Me Philippe LAURENS : C’est malheureusement beaucoup plus compliqué. La directive ne règle pas les cas où il y a une multiplicité d’intermédiaires, ni celui où ces derniers sont ressortissants de différents pays. C’est donc aux différents professionnels de faire un « état » des intermédiaires et de régler entre eux qui aura la charge de la déclaration et dans quel pays elle sera faite. Plus compliqué encore, en cas de dispositif agressif déjà déclaré dans un pays, tous les pays concernés par DAC6 n’ont pas retenu les mêmes règles de fonctionnement.

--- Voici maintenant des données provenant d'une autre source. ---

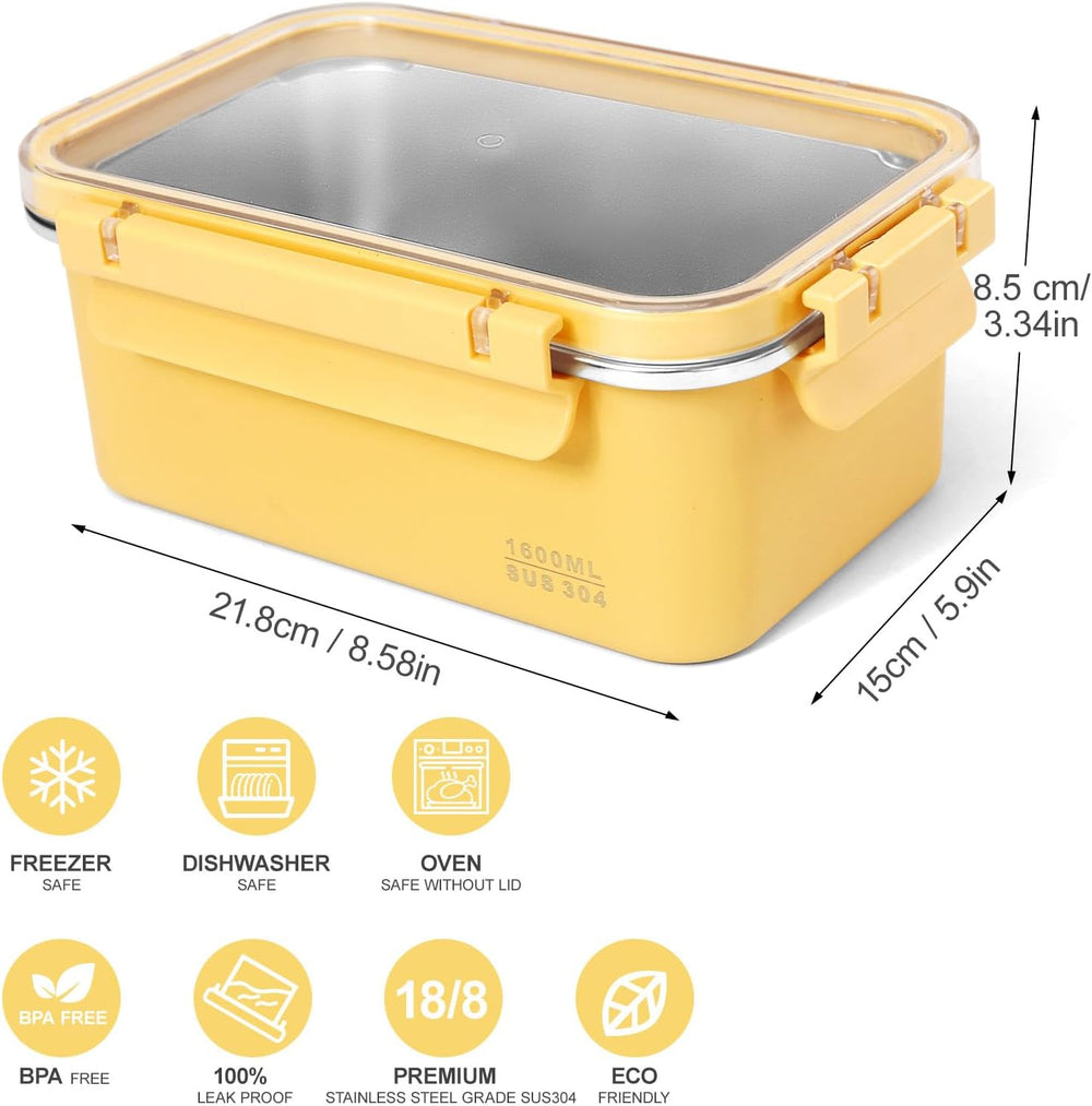1600ml Capacity: With a generous 1600ml capacity, this food storage container comfortably fits a variety of meal combinations, satisfying both small and larger appetite needs.

Certains se contentent de la production de l’indicatif (des références) de cette déclaration préalable à l’étranger, d’autres exigent la production d’une déclaration simplifiée, d’autres encore demandent que soit fourni l’ensemble des éléments ayant déjà été déclarés dans le premier pays. Là encore, il est évident qu’une démarche multi-juridictionnelle ou « globale » est impérative pour éviter les « sur-déclarations » ou bien pire les non-déclarations. Je conseille d’ailleurs la désignation d’un « intermédiaire principal » et un échange transparent entre tous ces intermédiaires.

 

Sécuritax : En ce qui concerne les intermédiaires, ont-ils une bonne approche de la gestion des problématiques DAC6 ?

 

Me Philippe LAURENS : Dans les pays qui ont historiquement une grande pratique des échanges internationaux, les professionnels ont une bonne sensibilisation à DAC6. Dans les autres, beaucoup moins et c’est un problème grave car il va y avoir rapidement des « accidents industriels ». J’ai noté également un autre travers qui concerne les intermédiaires exemptés. Souvent ces « exemptés » se considèrent comme hors de danger. Mais ce n’est pas vrai. Pour deux raisons : ils peuvent parfaitement être exemptés dans leur pays mais ne pas l’être dans l’autre. Je vous l’ai expliqué. Mais il y a plus grave, être exempté au titre du secret professionnel ne dispense pas de notifier l’obligation de reporter à un autre intermédiaire non exempté ou au contribuable lui-même. Pour faire simple, il faut distinguer l’obligation de reporter (aux autorités) et l’obligation de notifier (à un tiers à charge pour lui de reporter aux autorités). Reporter ou Notifier, tous sont concernés.

 

Sécuritax : Un dispositif peut-il être « exonéré ou dispensé » de report dans un pays et pas dans un autre ?

 

Me Philippe LAURENS : Et oui. Certains pays ont mis en place des listes blanches d’opérations pour lesquelles il n’est pas nécessaire de reporter ou de notifier. C’est le cas de l’Allemagne ou de l’Irlande par exemple. Mais si ces dispositifs concernent un pays ayant retenu une autre approche, ils seront à reporter/notifier dans ce pays. Il convient d’être particulièrement vigilent et vous voyez qu’une approche pays par pays (pris isolément) ne peut pas convenir. C’est même pire. On se croit protégé mais ce n’est pas le cas.

 

Sécuritax : A part ces listes blanches, il y a d’autres spécificités ?

 

Me Philippe LAURENS : Oui. Chacun des pays en a mis en place un certain nombre. Pour chacun des différents marqueurs, les pays ont pu retenir des critères « réducteurs » ou « augmentatifs » par rapport à l’annexe IV de la directive DAC6. On peut citer par exemple le choix de certains pays de dispenser de report les dispositifs fiscaux agressifs qui sont conformes à l’intention du législateur, ou le choix de la Belgique de dispenser de report les opérations relevant du marqueur A3 lorsqu’ils constituent l’activité quotidienne et habituelle de l’Intermédiaire. Ou le choix encore de l’Allemagne de ne considérer comme Intermédiaire que les professionnels qui ont connaissance de la « finalité fiscale » d’un dispositif par leurs clients… Mais ce ne sont que quelques exemples pour illustrer mon discours.

 

Sécuritax : Maitre, nous vous remercions pour ces éclairages.